So right . . . yet so wrong, this is going to be a very very memorable game for a long time. I was expecting the classic financial rally, rate cut then sell-off . . . I was the expecting the 1-2-1 move after the announcement. Yet as the day progressed it was obvious that the financials will not rally into the meeting, and I started to get the feeling that there will be NO sell-off today. Did the market rally? Yes, not until I almost completely gave up the hope of longing and actually switched some of my positions to the short side.
On a side note, a good friend of mine, who was up gross but down 28K net (all commissions, firm capital), decided to hand in his resignation letter yesterday, as he received a job offer from another firm (worse rates but a fresh new start). For whatever the reason, the owner of the firm told him that he is not leaving, and today, his account was set to 0. Stunning, while it makes a lot of sense to keep a trader who has been basically consolidating, 28K is a LOT to forgive, and just another proof that this firm truly gives its traders every opportunity to succeed.

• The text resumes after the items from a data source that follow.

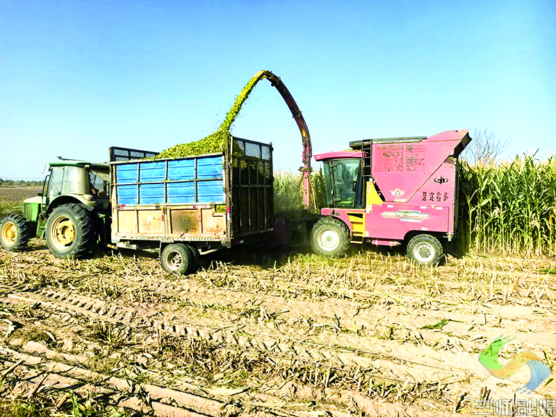 在一连种植户樊文峰的复播玉米地,伴随着阵阵轰鸣,大型青贮收割机锋利的刀片将青贮玉米整齐割断粉碎,青绿色的碎末从机身一侧源源不断地喷吐而出,运输卡车紧随身旁,车厢里垒起一座座青贮“小山”。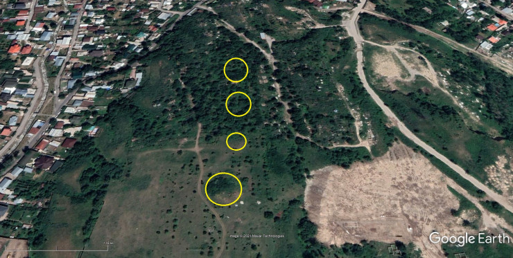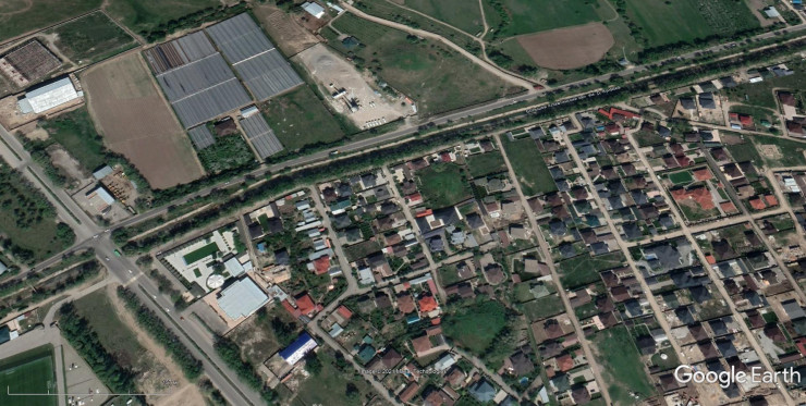 Могильник Орынтай. На фото зеленые пятна в застройке - это царские курганы.
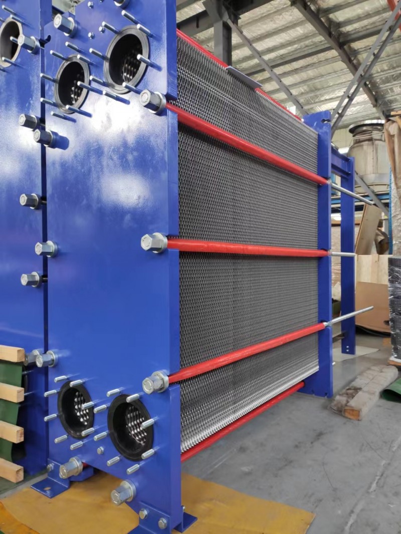 过的流体形成湍流达到强化换热的目的。在板片组装过程时,带有垫片的板面朝向固定压紧板,相邻两张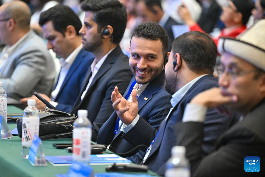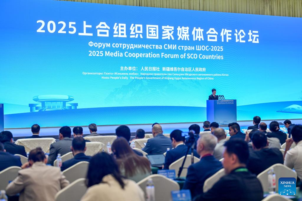 Guests attend the 2025 Media Cooperation Forum of SCO Countries held in Urumqi, northwest China's Xinjiang Uygur Autonomous Region, May 23, 2025. With the theme of "Building a Better Home Together for a Prosperous Future," the forum kicked off in Urumqi of Xinjiang on Friday. Over 300 representatives from mainstream media outlets, government departments, academic institutions, and enterprises from 26 SCO member states, observer states, and dialogue partners attended the forum. (Xinhua/Ding Lei)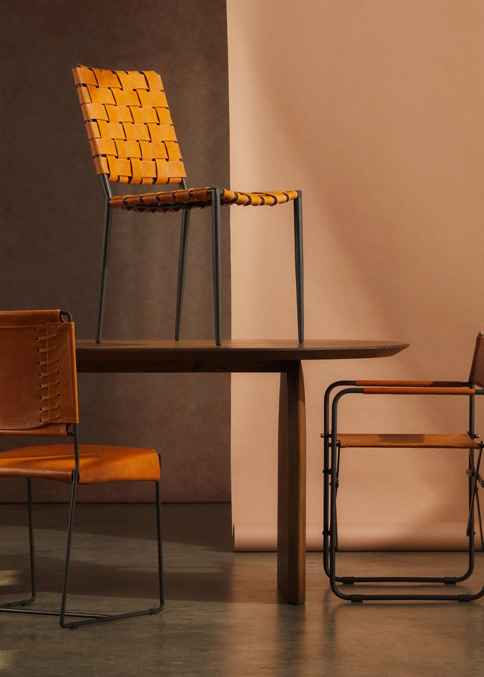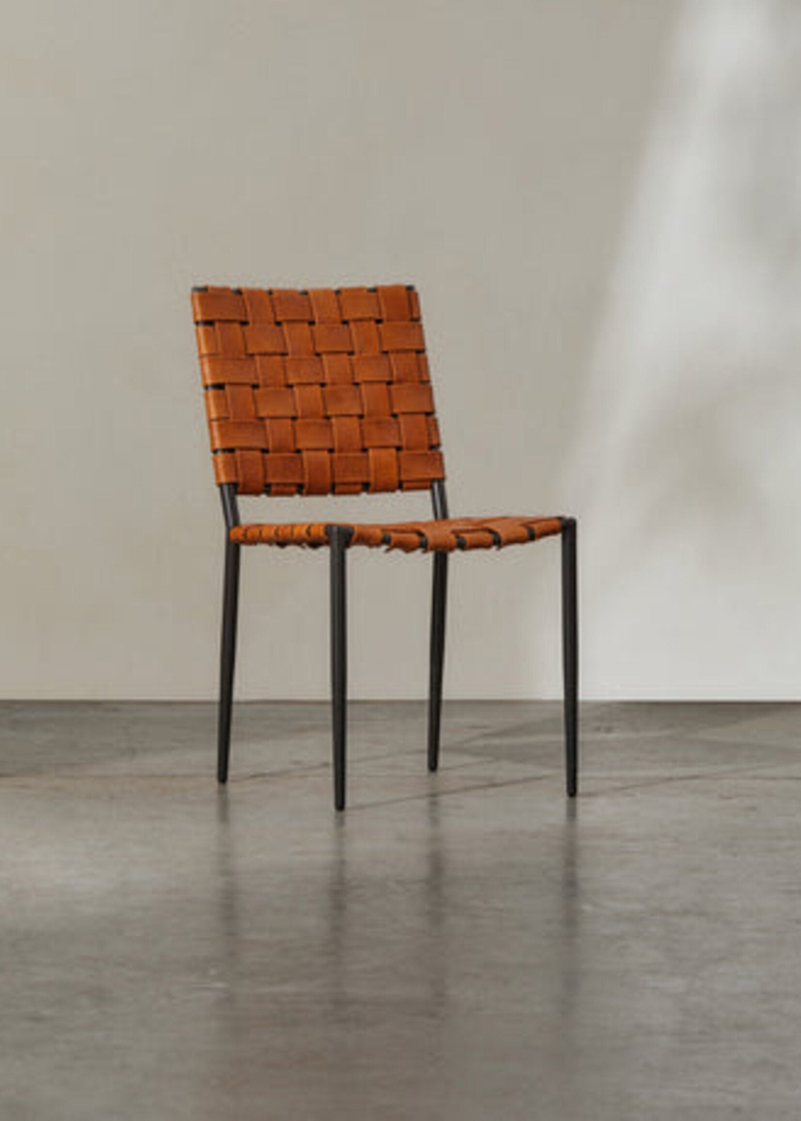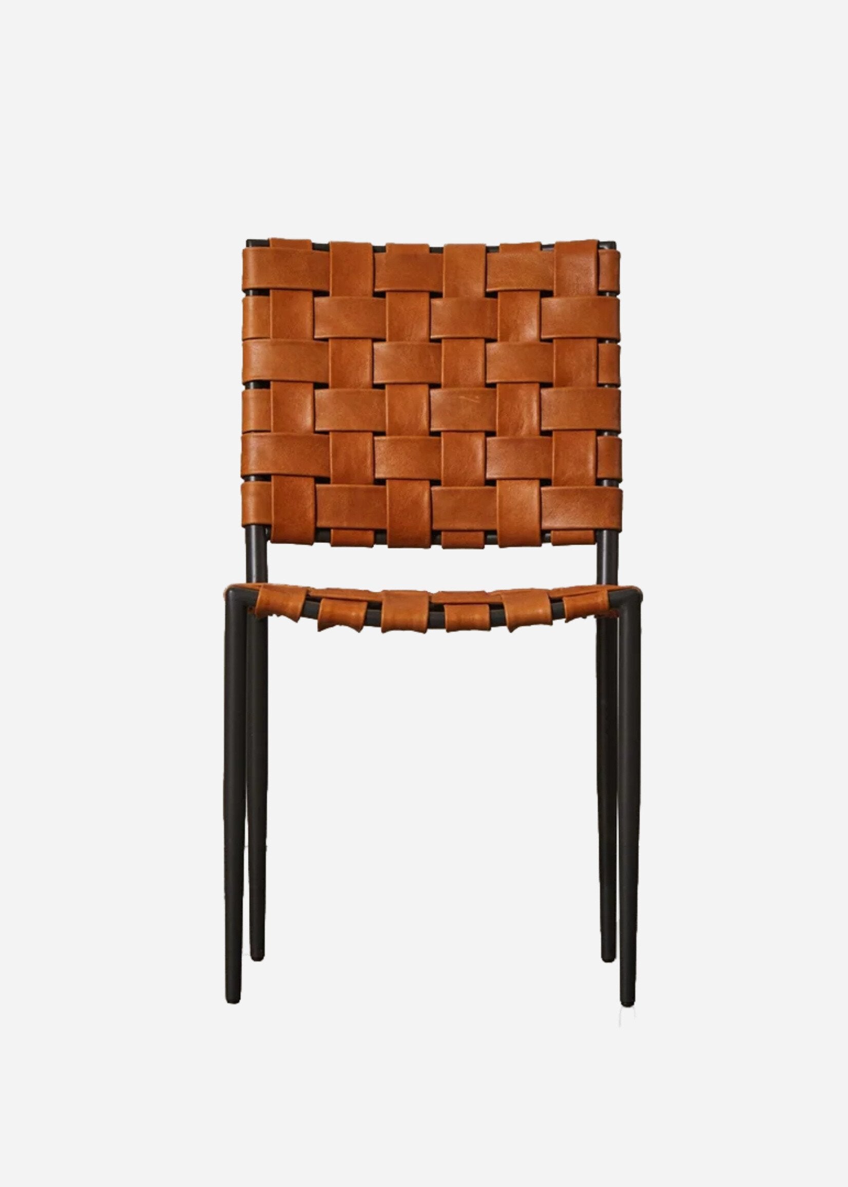 The back rest and seat are comprised of leather strappings woven into a grid-like pattern, both intriguing and supportive. Whether you're enjoying an intimate dinner or hosting a large gathering, the Batali Dining Chair will be the perfect accompaniment to create a stunning dining experience.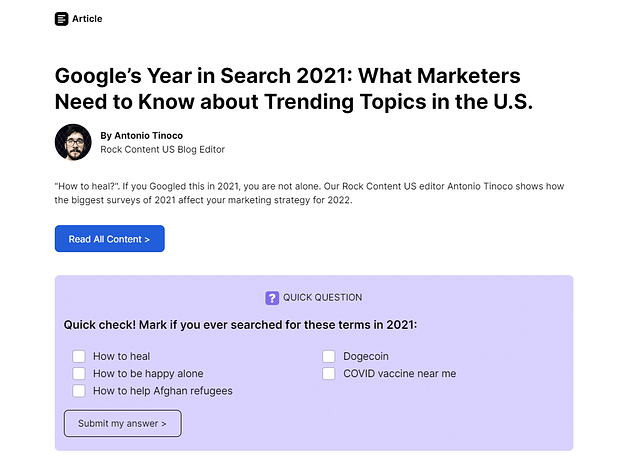 Estamos falando do Ion, a ferramenta da Rock Content que facilita a construção de experiências interativas. Então, é claro que não poderíamos deixar de adicionar alguns momentos de interatividade na newsletter.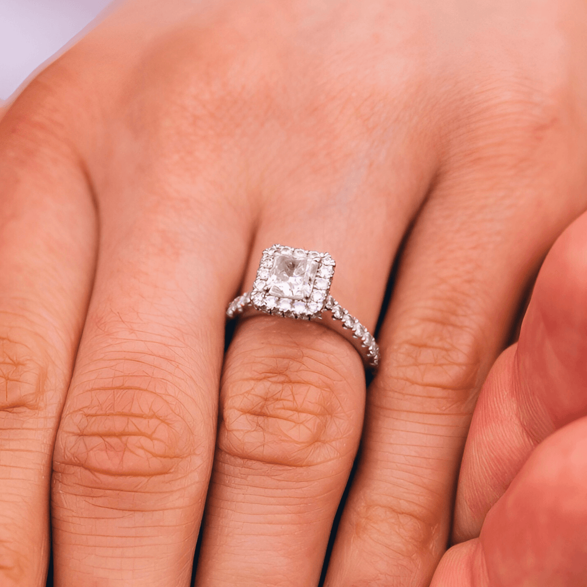Radiant cut diamonds are rectangular or square, with cut corners. They continue to be popular, particularly for engagement rings. The cut is recognized for its remarkable brightness and fire, which rival round brilliant cuts. The stone hides inclusions nicely and seems bigger than its real carat weight. Radiant cuts are often the most lasting due to the absence of sharp points. They are commonly used as the center stones in three-stone rings.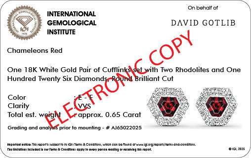 Every pair of cufflinks is delivered in our distinctive premium box, accompanied by its IGI certificate, ensuring unparalleled quality and authenticity.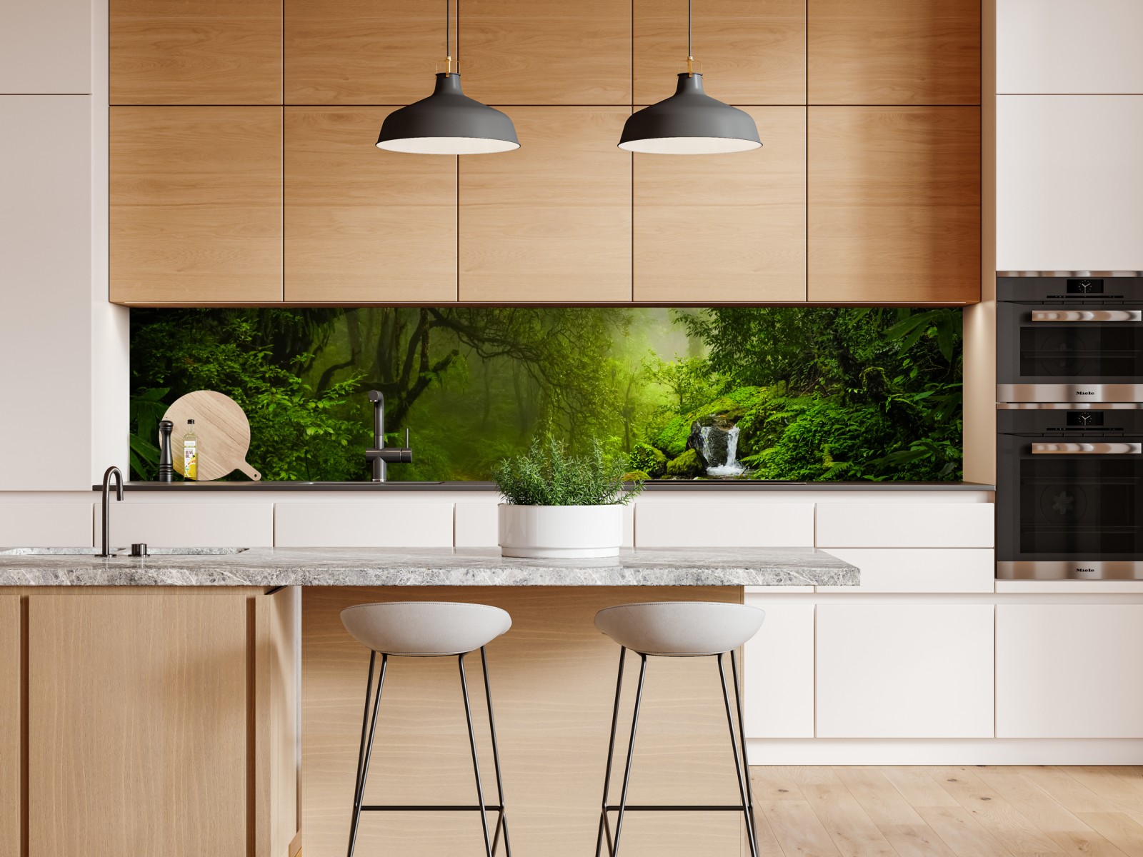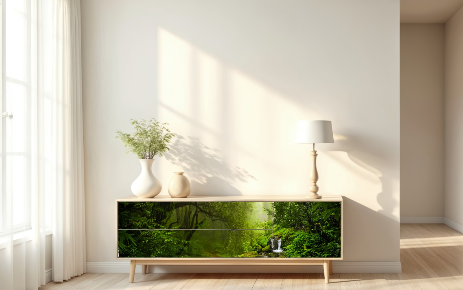 bringen sie natur in ihr zuhause mit einem lebendigen nebligen waldwasserfall, der entspannendes grün und tiefe an jede wand bringt.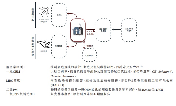 作为存货分销商,公司主要自上游二级零部件制造商(二级PM)采购C级飞机零部件并将其储存、供应及分销予下游一级原始设备制造商(一级OEM)、其分包商及维护、维修及彻底检修商店(MRO商店)。下图显示公司在典型全球民用航空航天供应链中的主要业务模式: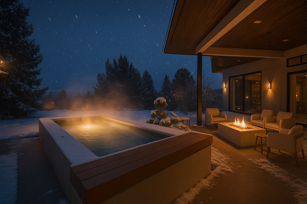 “We designed this spa (above) to be irresistible even on the coldest, snowiest days by positioning it just steps from the door on a generous heated stone deck,” Nate said. “The seamless indoor-outdoor flow celebrates winter rather than fights it, creating a luxurious retreat that transforms harsh weather into the perfect backdrop for relaxation.”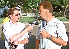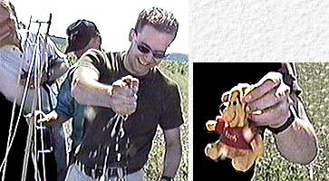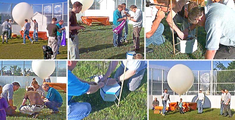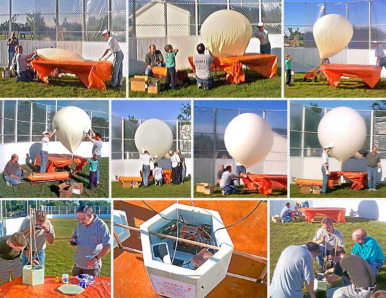 Everything appeared fine on the workbench, but a problem with interference to the cross-band repeater was discovered at the last minute that we frantically tried to resolve. The interference turned out to be from the camera's micro-processor and the problem was just now discovered as the digital camera and repeater had never been operated together at the same time before. There was only one solution which was to unplug the digital camera! The camera was a last minute addition and it's picture quality was not that great anyway. The payload was then quickly taped closed as Matthew (son of James, VE6SRV) had the honour of holding down the filled balloon.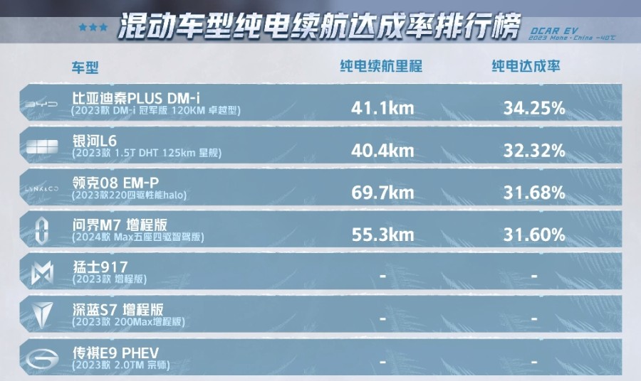 而此次引发争议的则在纯电续航测试。在所有能够参加该类测试的车型中,纯电达成率由低至高的前三名分别是问界M7增程版、领克08EM-P、银河L6,纯电达成率分别为31.60%、31.68%、32.32%。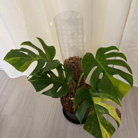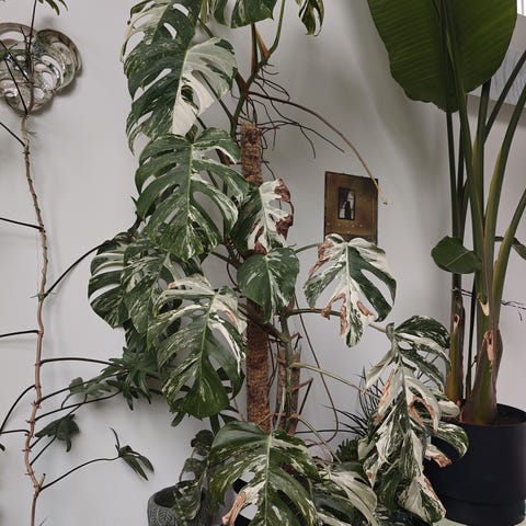 Iso monstera aurea emokasvi sammaltolpalla, latva leikattu tänään ja se jää itselle. Kasvupisteessä näyttäisi olevan hyvä väritys, tekee todennäköisesti nopeasti uuteenkin kasvuun isoja lehtiä kun valot kunnossa. Viimeisessä kuvassa näkyy ennen latvan leikkausta.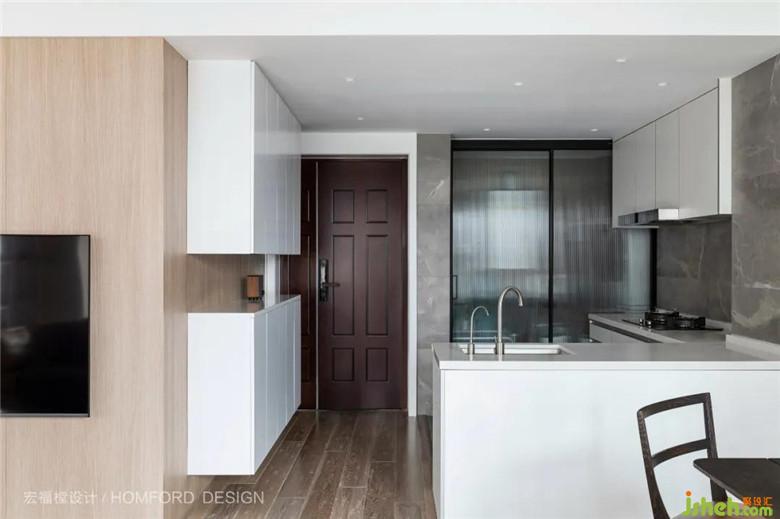 进门玄关处鞋柜做了中部镂空设计底部进行悬空处理视觉通透,一眼望去给人以明快爽朗的空间感受。

25000 shares on 5 of 16 shooting, +148 before commissions, -554 after, 2 bullets.
Pre-Market: Fed. meeting at 2:15, nothing else matters, actually some airline upgrades but I chose not to trade those.
9:30: DRG sell-off, bulleted AGN and ended up making some of the bullet cost as it totally reversed with the index. Took COF long on financial strength and got 20 cents. Took a pair of chemicals PX/APD and took 5-10 cents losses. Took BEN at 33.70 on what I thought would be financial rally and quickly get out for flat.
10:00: Took MWD, MER, GS, LM etc . . . kept on believing financials will go higher, while I pulled 50 cents off 1000 share's of GS, MWD, MER, LM all hurted me on 20 cents or so stop out's. In the end caught MWD and MER for a pop but too little too late. I was down $230, and I had to be happy about this kind of numbers given that the financials totally sold off instead of going up. On the other hand, I was getting the feeling that this rate cut will be different from others . . .
2:15: Ahhh, show time . . . Half point cut, futures went up, I took some CMA and was in the money by 20 cents quickly, took BJ, then futures came in, no problem, I was expecting it, and I was ready to buy more, took AGE at 35.12, futures came back, as expected, but could not hit a new high, and it faded. That was when my heart went heavy, as I quickly got out of CMA and BJ for 30 cents loss a piece, and put up a bullet on AGE and shorted away. Bad, bad idea, this is exactly how you get chopped to death, I was short 1500 AGE but fortuantely I was able to cover more than half of it for 2 pennies loss as it just went the other way as if the futures are going straight up. I lost 10 cents on the other half but it was ok. MMM hadn't sold off yet so I shorted it and ended up losing 25 cents.
2:58: Fully expecting a rally, took TYC at 45.17, GE at 36.90, IBM at 92.50, but I was down more than $1000 on the day, and there was fear in my heart, I had TYC a nickle above the bottom, I had GE 10 cents above the bottom, but IBM did a final "blow the stop" dump and triggered my stop at 92.29, and that was the stroke that broke my back. A little more confidence, I would have been ok, sticking and trusting my original idea, I would be fine, and I sold TYC and GE out flat. Needless to say the 3 of them ran up an average of more than 1 point each . . . and I got out of GE/IBM at 3:12, three minutes before the rally.
3:15: DRG rally, took some AGN at 66.57, eventually sold for an average price of 15 cents scalp. Took MMM at 96.90, CMA at 54.15, got half a point out of MMM as it printed as high as 97.70, but a big offer showed up and I pared some out and held the other half hoping for the offer to be smacked, it didn't. Got quarter move out of CMA. Too little, too late.
This is the kind of game that makes you spill blood, all along you knew you would be right, but as a trader you stick to stops (granted, I didn't stick to my stops on GE/TYC, mentally I was so beaten I sold them for flat and gave up). I want to have a good month so badly, yet I was so close . . . yet so far . . .
I understand, going into this business, that there will be failure after failure after failure before one finally makes it, and I still believe in my ability to excel, to succeed, that I have as much potential as anyone else in my firm. I have been stuck at 48K YTD for more than a month and half, that is disgusting.
I am way past the point of no return I don't even remember what it looked like, there is no turning back, either I make it trading, or accept the fate of an average joe. I have what it takes, but I must overcome myself to make this a respectable year.